### What you have to do
Write out the data below exactly as given, without any of its pictures.

(Records provided)

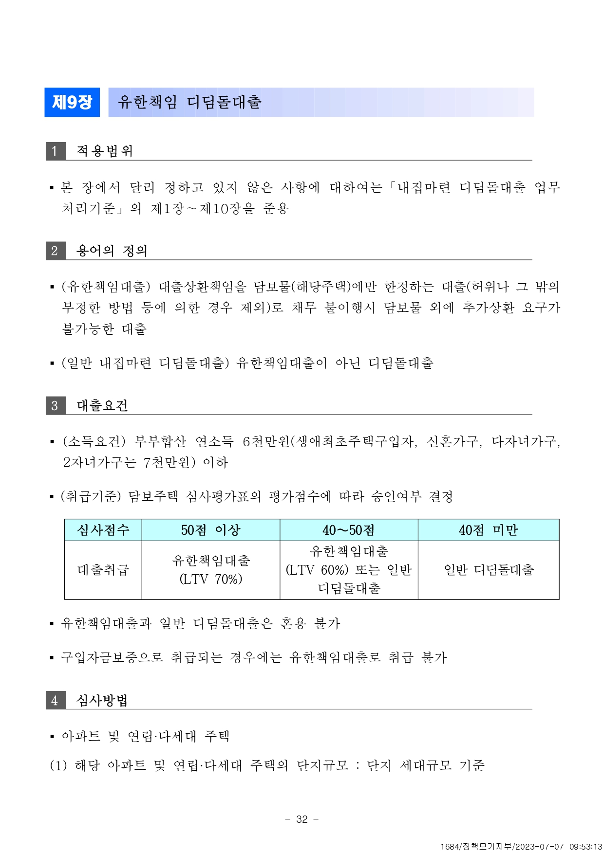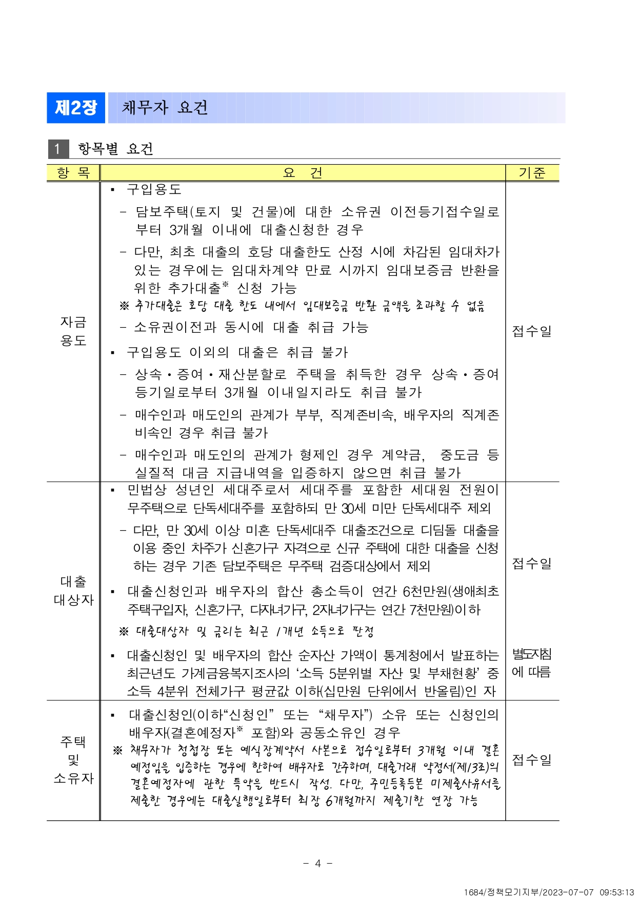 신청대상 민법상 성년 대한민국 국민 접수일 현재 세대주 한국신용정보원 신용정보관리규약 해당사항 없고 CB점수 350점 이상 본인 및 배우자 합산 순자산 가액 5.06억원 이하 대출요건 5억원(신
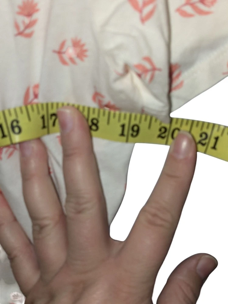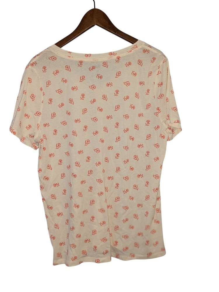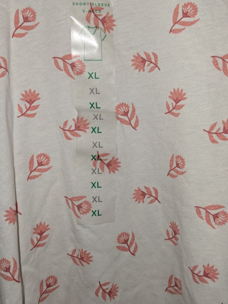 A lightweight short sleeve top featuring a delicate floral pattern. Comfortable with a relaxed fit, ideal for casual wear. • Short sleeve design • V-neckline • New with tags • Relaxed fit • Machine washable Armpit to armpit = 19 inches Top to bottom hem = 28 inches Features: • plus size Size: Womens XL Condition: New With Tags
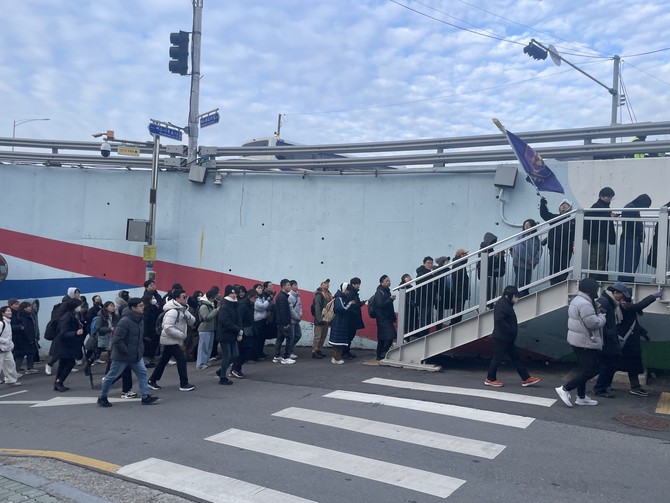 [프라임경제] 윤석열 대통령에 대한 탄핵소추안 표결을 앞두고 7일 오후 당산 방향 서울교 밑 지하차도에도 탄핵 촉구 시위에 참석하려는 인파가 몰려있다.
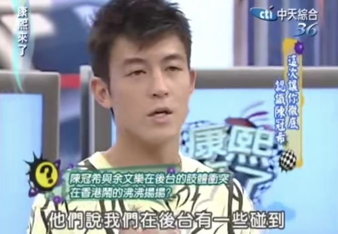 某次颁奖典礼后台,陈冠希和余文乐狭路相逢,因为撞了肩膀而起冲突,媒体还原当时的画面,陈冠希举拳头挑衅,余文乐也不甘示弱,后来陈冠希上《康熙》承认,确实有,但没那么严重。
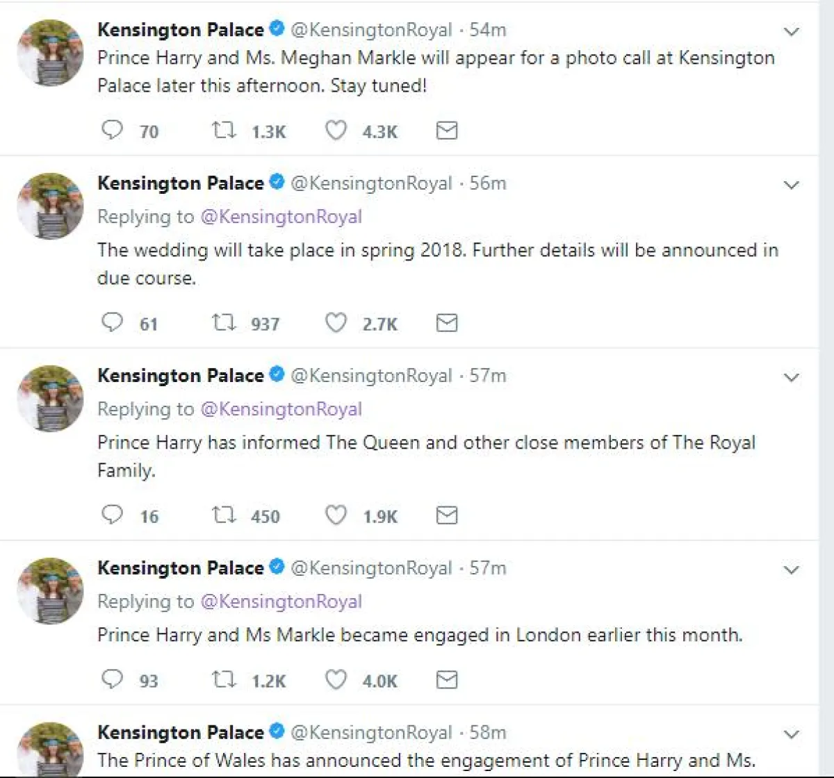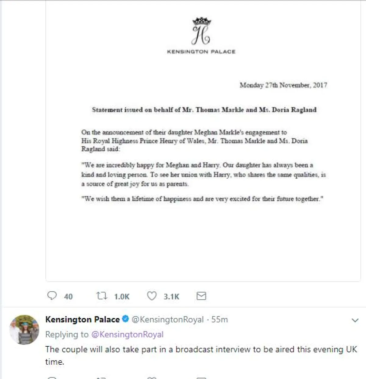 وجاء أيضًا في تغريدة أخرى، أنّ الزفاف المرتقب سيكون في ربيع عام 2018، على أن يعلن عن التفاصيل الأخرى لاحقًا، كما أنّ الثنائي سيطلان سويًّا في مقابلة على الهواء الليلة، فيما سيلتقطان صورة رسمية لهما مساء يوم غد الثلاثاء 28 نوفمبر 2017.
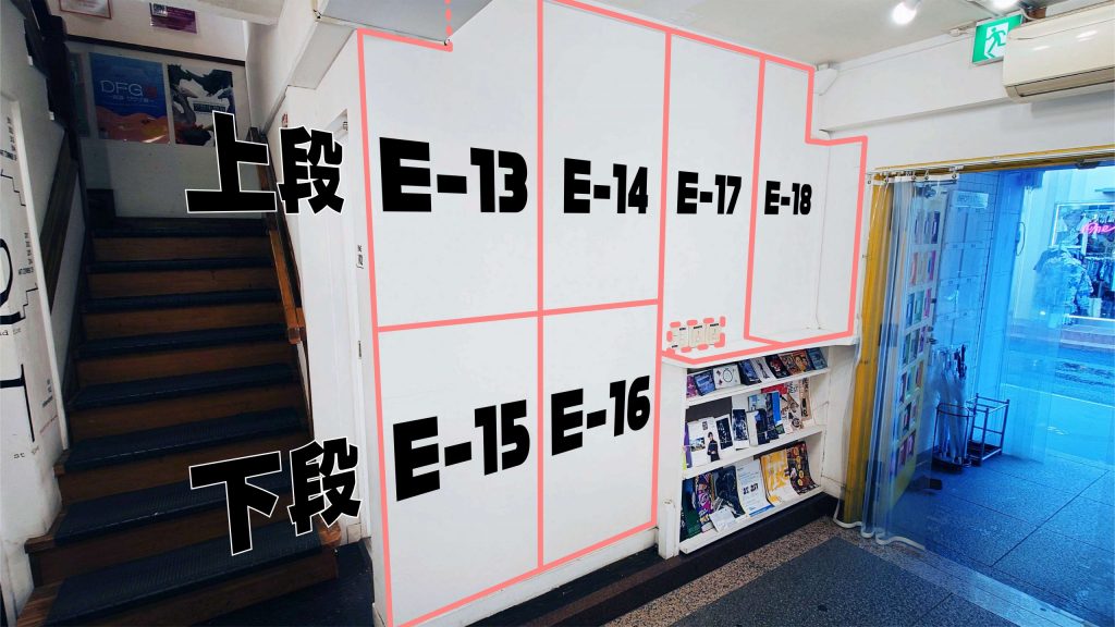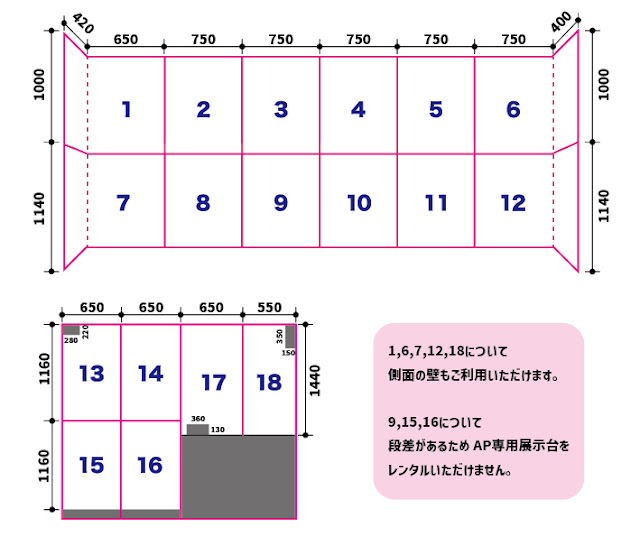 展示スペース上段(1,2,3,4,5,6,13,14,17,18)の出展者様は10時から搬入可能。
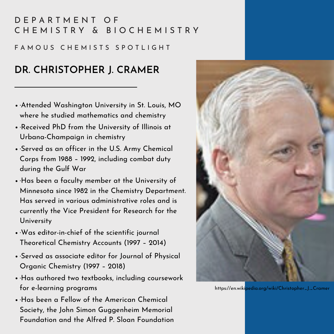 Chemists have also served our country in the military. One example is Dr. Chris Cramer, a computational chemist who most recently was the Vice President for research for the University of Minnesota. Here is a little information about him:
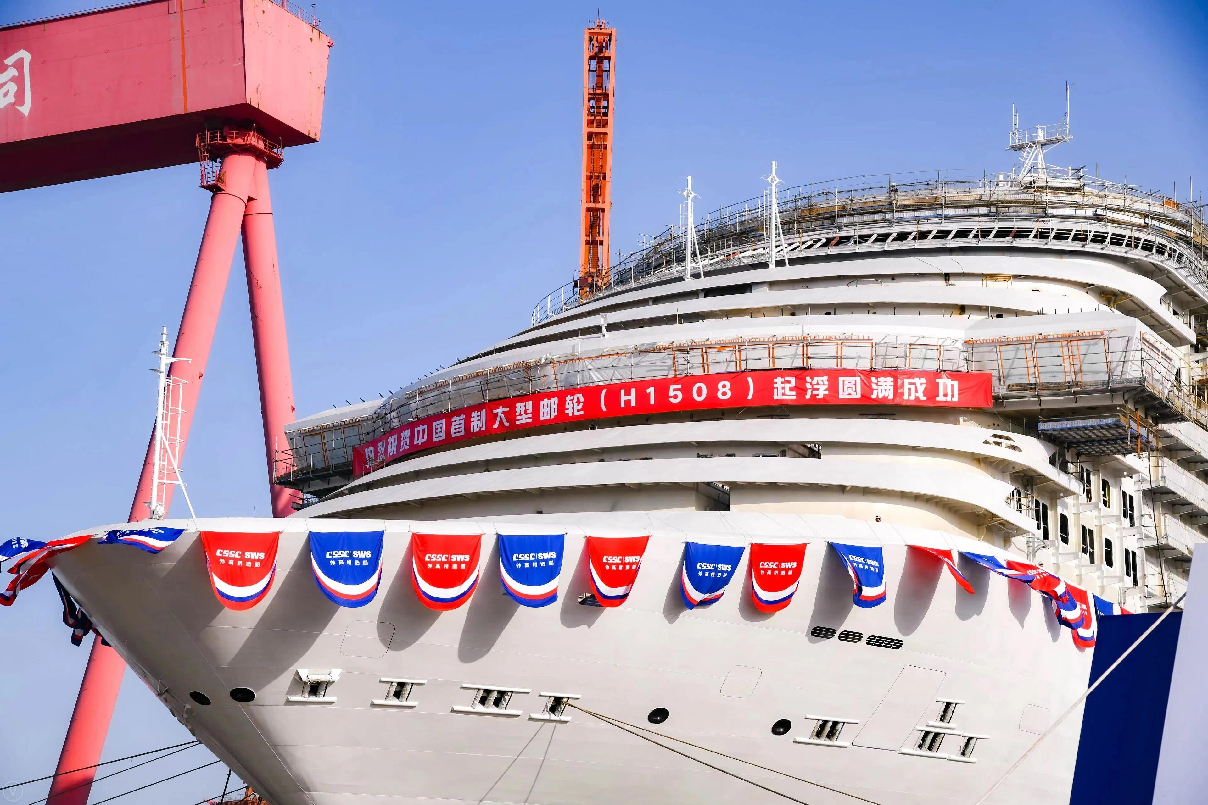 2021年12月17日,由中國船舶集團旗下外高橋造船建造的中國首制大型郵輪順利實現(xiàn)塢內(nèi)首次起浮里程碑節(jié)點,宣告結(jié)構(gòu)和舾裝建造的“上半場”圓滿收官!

(End Records provided)

### Your response
 신청대상 민법상 성년 대한민국 국민 접수일 현재 세대주 한국신용정보원 신용정보관리규약 해당사항 없고 CB점수 350점 이상 본인 및 배우자 합산 순자산 가액 5.06억원 이하 대출요건 5억원(신
 A lightweight short sleeve top featuring a delicate floral pattern. Comfortable with a relaxed fit, ideal for casual wear. • Short sleeve design • V-neckline • New with tags • Relaxed fit • Machine washable Armpit to armpit = 19 inches Top to bottom hem = 28 inches Features: • plus size Size: Womens XL Condition: New With Tags
 [프라임경제] 윤석열 대통령에 대한 탄핵소추안 표결을 앞두고 7일 오후 당산 방향 서울교 밑 지하차도에도 탄핵 촉구 시위에 참석하려는 인파가 몰려있다.
 某次颁奖典礼后台,陈冠希和余文乐狭路相逢,因为撞了肩膀而起冲突,媒体还原当时的画面,陈冠希举拳头挑衅,余文乐也不甘示弱,后来陈冠希上《康熙》承认,确实有,但没那么严重。
 وجاء أيضًا في تغريدة أخرى، أنّ الزفاف المرتقب سيكون في ربيع عام 2018، على أن يعلن عن التفاصيل الأخرى لاحقًا، كما أنّ الثنائي سيطلان سويًّا في مقابلة على الهواء الليلة، فيما سيلتقطان صورة رسمية لهما مساء يوم غد الثلاثاء 28 نوفمبر 2017.
 展示スペース上段(1,2,3,4,5,6,13,14,17,18)の出展者様は10時から搬入可能。
 Chemists have also served our country in the military. One example is Dr. Chris Cramer, a computational chemist who most recently was the Vice President for research for the University of Minnesota. Here is a little information about him:
 2021年12月17日,由中國船舶集團旗下外高橋造船建造的中國首制大型郵輪順利實現(xiàn)塢內(nèi)首次起浮里程碑節(jié)點,宣告結(jié)構(gòu)和舾裝建造的“上半場”圓滿收官!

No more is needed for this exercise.